Magic-Research Module 1

RAG Assistant for Academic Research

A Retrieval-Augmented Generation (RAG) system designed for semantic search and question-answering over academic documents, specifically focused on medieval Jewish magic and historical texts.

Overview

This project implements a complete RAG pipeline that processes PDF documents, creates semantic embeddings, stores them in a vector database, and provides an intelligent question-answering interface. The system combines document retrieval with large language model generation to provide contextually accurate answers based on your document corpus.

Key features:

PDF Document Processing: Automatic extraction and chunking of academic papers
Semantic Search: Vector-based similarity search using sentence transformers
Multi-LLM Support: Compatible with OpenAI GPT, Groq Llama, and Google Gemini
Web Interface: User-friendly FastAPI-based frontend
Persistent Storage: ChromaDB vector database for efficient document retrieval

Demo

Web Interface

RAG Assistant Web Interface

The web interface provides an intuitive way to query your document collection.
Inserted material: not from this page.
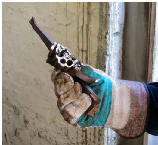
Demonstration of how cutting with the hydraulic shears renders the weapon inoperable.

For more information on UNLIREC visit ( www.unlirec.org .)

Simply type your question and get AI-powered answers based on your academic papers.

Key Features Shown:

🔍 Semantic Search: Natural language queries across your document corpus
📚 Source Attribution: Clear references to specific documents and sections
🎯 Contextual Answers: AI responses grounded in your actual content
⚡ Real-time Processing: Fast response times for interactive research

Target Audience

This project is intended for:

Academic Researchers studying historical texts and manuscripts
Digital Humanities Scholars working with large document collections
Graduate Students conducting literature reviews and research
Developers interested in implementing RAG systems for domain-specific applications

Prerequisites

Required Knowledge

Basic Python programming
Understanding of virtual environments
Familiarity with command line interfaces
Basic knowledge of machine learning concepts (helpful but not required)

Hardware Requirements

RAM: Minimum 8GB (16GB recommended for larger document collections)
Storage: At least 5GB free space for models and embeddings
CPU: Multi-core processor recommended for faster embedding generation

System Compatibility

Operating Systems: Windows 10/11, macOS, Linux
Python: Version 3.11 or higher
Internet Connection: Required for initial model downloads and API access

Installation

1. Clone or Download the Project

cd "path/to/your/projects"
# If using git:
git clone <repository-url>
# Or extract from zip file

2. Navigate to Project Directory

cd Project1AiCourse

3. Create Virtual Environment

# Windows
python -m venv venv
venv\Scripts\activate

# macOS/Linux
python -m venv venv
source venv/bin/activate

4. Install Dependencies

pip install -r requirements.txt

Note: On Windows, uvloop is automatically excluded from installation as it's not compatible.

Environment Setup

1. Configure API Keys

Copy the example environment file and add your API keys:

cp .env.example .env

Edit .env file with your preferred LLM provider:

Option A: Using Groq (Free tier available)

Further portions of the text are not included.